In 1946, Scott established Manhattan Research Incorporated. As well as designing electronic audio devices for personal use, over the years Scott sold and supported a number of related projects, including components such as ring modulators, wave, tone, and envelope shapers, modulators, and filters. Of interest were the "keyboard theremin", "chromatic electronic drum generators", and "circle generators". Scott described Manhattan Research as "More than a think factory—a dream center where the excitement of tomorrow is made available today." Robert Moog met Scott in the 1950s, designed circuits for him in the 1960s, and considered him an important influence.

Relying on several instruments of his own invention, such as the Clavivox (adapted from a Moog theremin) and Electronium, Scott recorded futuristic electronic compositions for use in television and radio commercials and records of electronic music.
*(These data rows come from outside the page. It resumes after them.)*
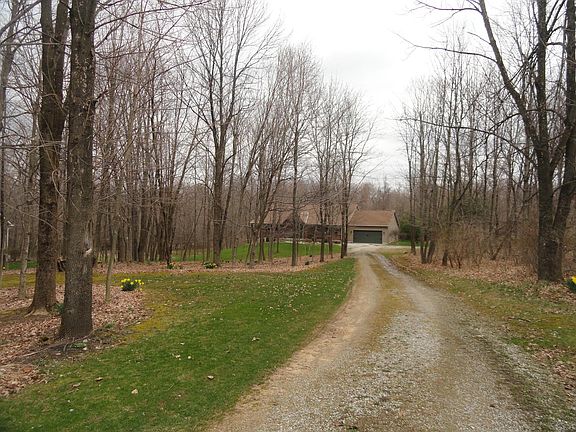 Custom QUALITY built ranch on fabulous wooded lot sitting 300 ft off road! Large entry foyer w/high windows leads to wide open spaces including a vaulted 18'9x25'4 Great Rm w/stone-to-ceiling WBFP & barn beamed mantle. Kitchen with eating bar opens to dining room, great room, and a new 16x20 GAME Room with vaulted ceilings and walls of windows! French doors to 21' master bedroom. Solid oak woodwork throughout in beautiful condition! Stainless Steel appliances. 22x28 garage with additional overhead door leading to back. Enjoy nature, deer, woods from the lg private patio, and the 55' covered front porch. FULL poured bsmt, high ceilings, easy to finish. Meticulously maintained and customized by original owner. Pleated blinds, Gutterguards, Fortin Ironworks fixtures, American Heritage Built
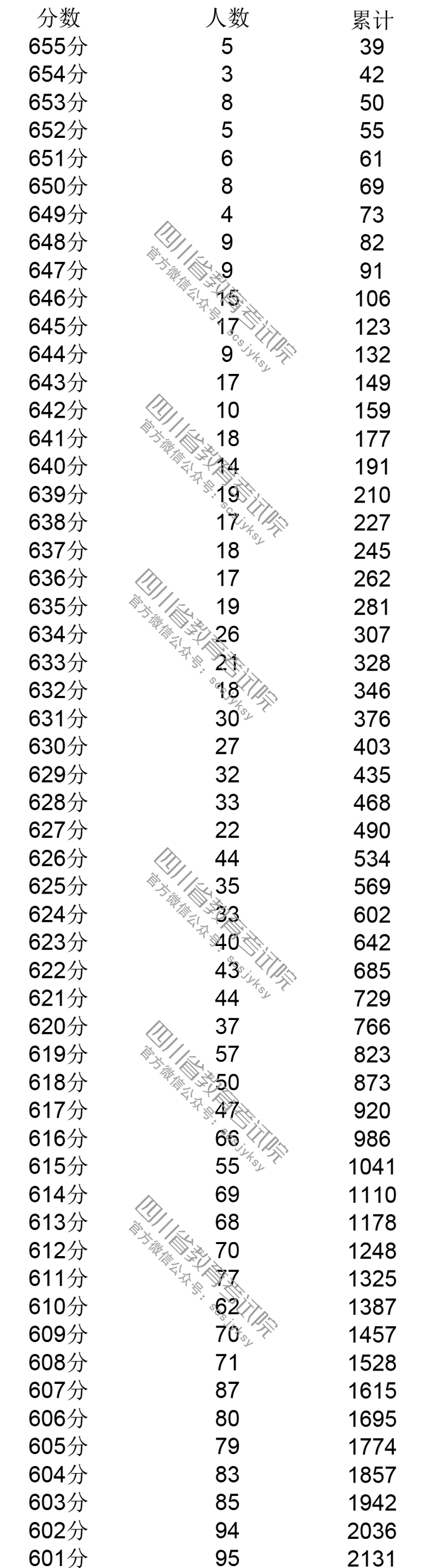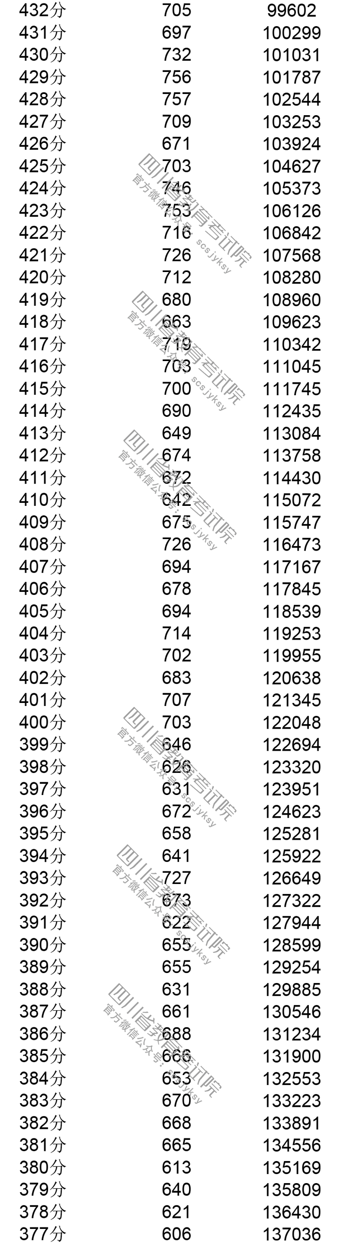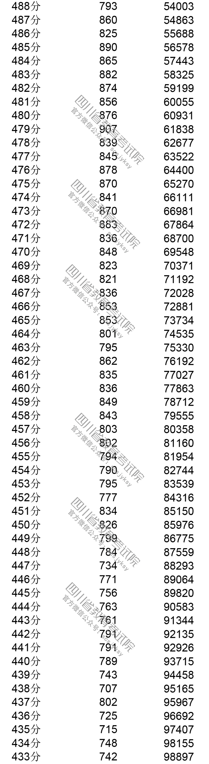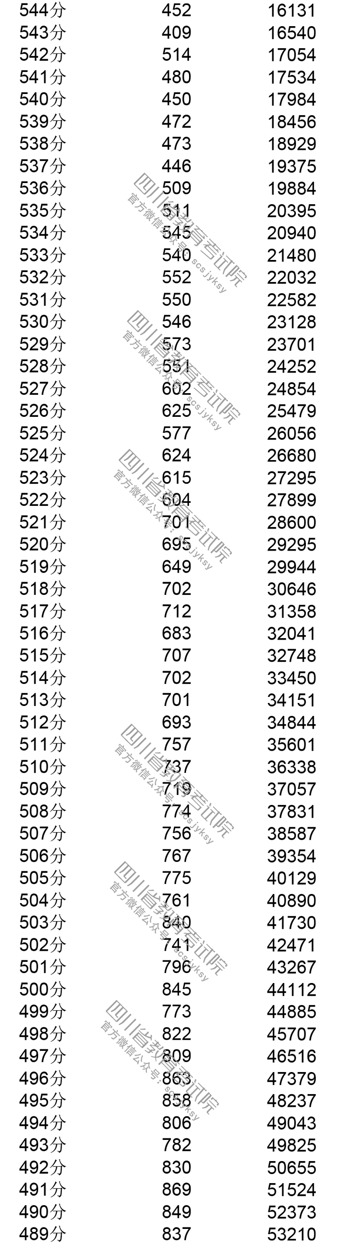 四川省2024年普通高校招生本科艺术类综合成绩、体育类专业成绩分段统计表
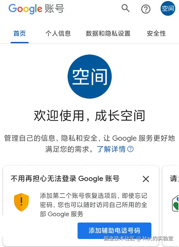 提醒:有的时候,在其他APP中注册新账号的时候不会进入到这个界面,我们可以点击右上角的头像,选择“管理您的Google账号”,即可进入到账号管理的首页。
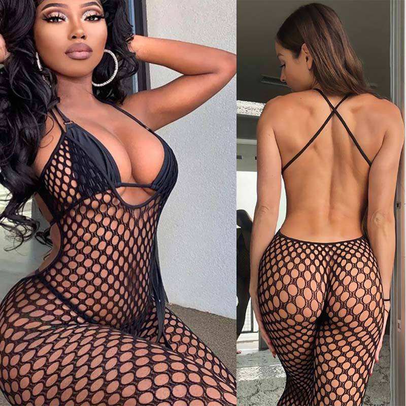 High Quality Backless Fishnet Bodystocking Perspective Sleeveless Bodysuit One Piece Sheer Bodystocking
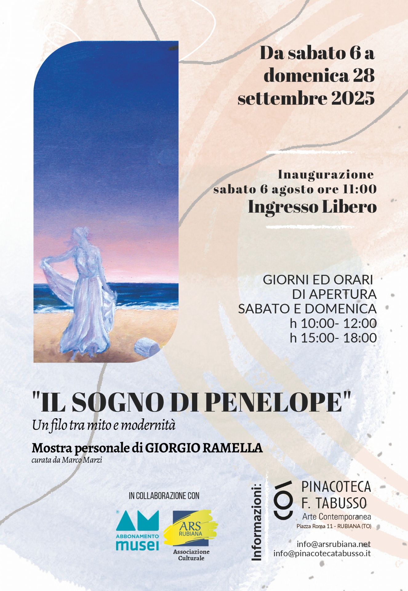 Dal 6 al 28 settembre 2025, la Pinacoteca F. Tabusso di Rubiana (TO) ospita la mostra d’arte “Il Sogno di Penelope”, una raffinata esposizione che propone una rilettura contemporanea del mito di Penelope attraverso le opere dell’artista Giorgio Ramella. La mostra, curata da Marco Marzi, offre un percorso visivo che unisce suggestioni classiche e sensibilità moderne, in un dialogo poetico tra passato e presente.

A series of three albums designed to lull infants to sleep, his work Soothing Sounds for Baby was released in 1964 with the Gesell Institute of Child Development. The public showed little interest in it. But Manhattan Research provided ear-catching sonic textures for commercials.
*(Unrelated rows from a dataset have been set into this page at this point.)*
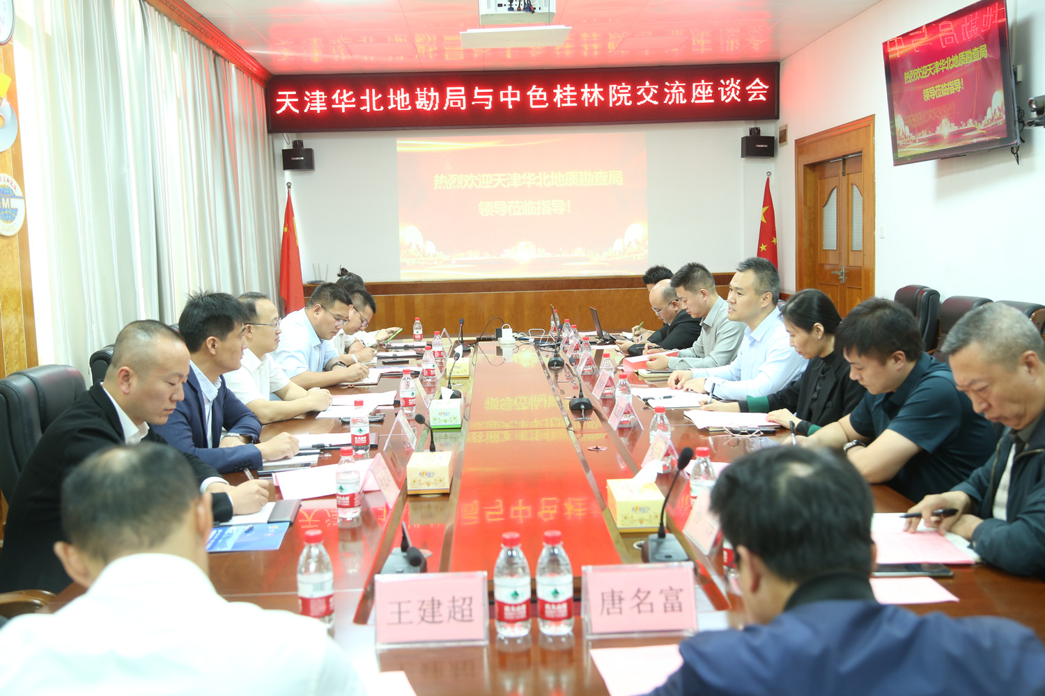 座谈会上,王铁军对中色桂林院的热情接待表示感谢,他表示,中色桂林院与天津华北地质勘查局同根同源、联系紧密,有着良好的合作前景,希望双方依托各自资源优势,在有关领域进一步拓展合作的深度与广度,实现互利共赢、共同发展。胡乔帆对王铁军一行的到来表示热烈欢迎,他表示中色桂林院将秉持合作共赢理念,发挥科研优势和人才优势,与天津华北地质勘查局一道,在技术研发、产业发展等方面加强合作,不断增强核心功能,提高核心竞争力,在服务国家战略中做强做优做大,为加快发展新质生产力作出更大贡献。
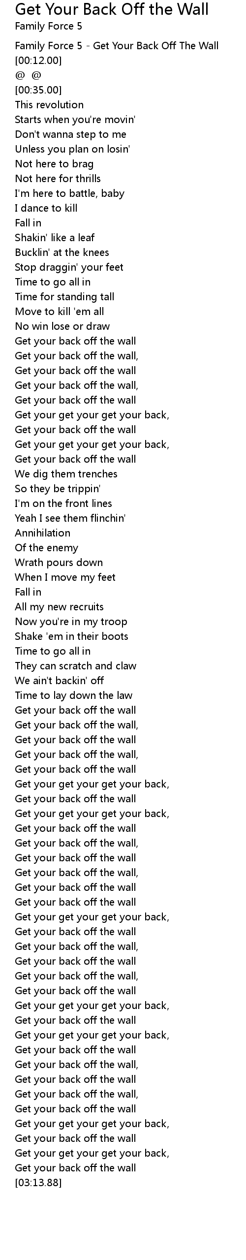 Get Your Back Off the Wall Lyrics
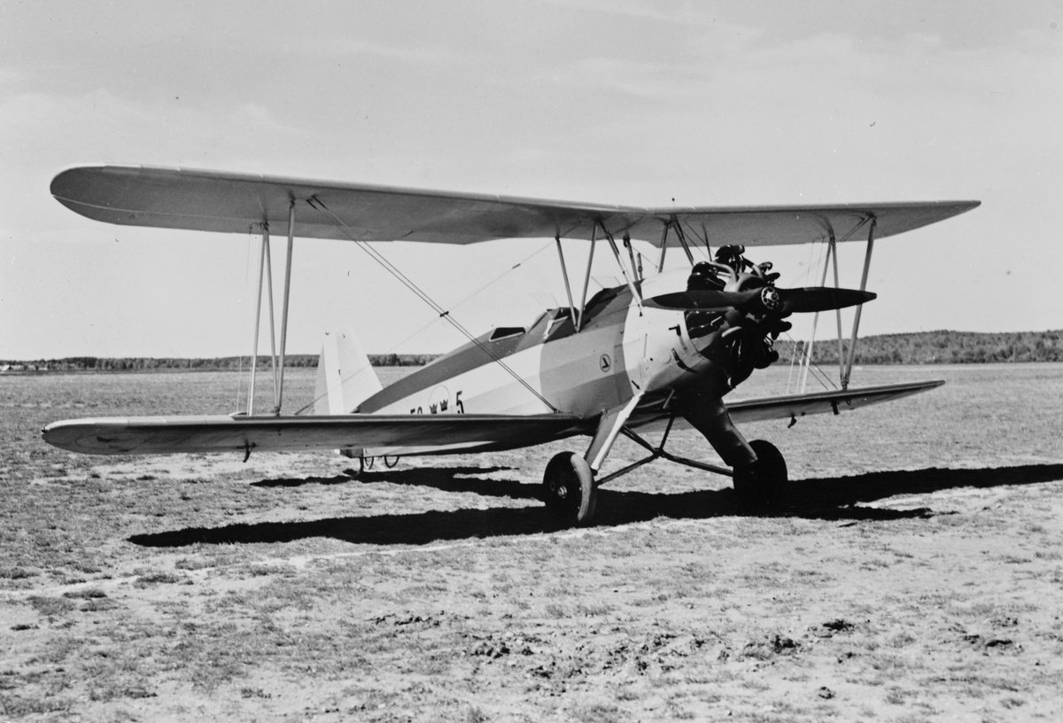 Flygplan SK 12 märkt nummer 59 tillhörande Krigsflygskolan F 5 på ett flygfält. Frontvy.

Scott developed some of the first devices capable of producing a series of electronic tones automatically in sequence. He credited himself as the inventor of the polyphonic sequencer. His electromechanical devices, some with motors moving photocells past lights, bore little resemblance to the all-electronic sequencers of the late Sixties. He began working on a machine he said could compose by artificial intelligence. The Electronium is considered the first synthesizer capable of algorithmic composition.

Some of Raymond Scott's projects were less complex but still ambitious. During the 1950s and 1960s, he developed and patented electronic telephone ringers, alarms, chimes, and sirens, vending machines, and ashtrays with accompanying electronic music scores, an electronic musical baby rattle, and an adult toy that produced varying sounds depending on how two people touched each another. He believed these devices would "electronically update the many sounds around us – the functional sounds".

While these devices foreshadowed the future of electronic music, they were not successful commercially. As Mark Brend wrote at Reverb.com:

Hindsight reveals Scott as more ideas-man than business-man. Glossy brochures advertised a dizzying array of his inventions: electronic doorbells, multitrack tape recorders, rhythm machines, sequencers, and instruments such as the Clavivox, a kind of keyboard theremin. But these rarely sold. It's possible that didn't bother Scott too much, as through the '50s he was still earning well from the first phase of his career and had a new income stream composing electronic jingles—for Sprite, Nescafé, and Baltimore Gas and Electric Company, among others.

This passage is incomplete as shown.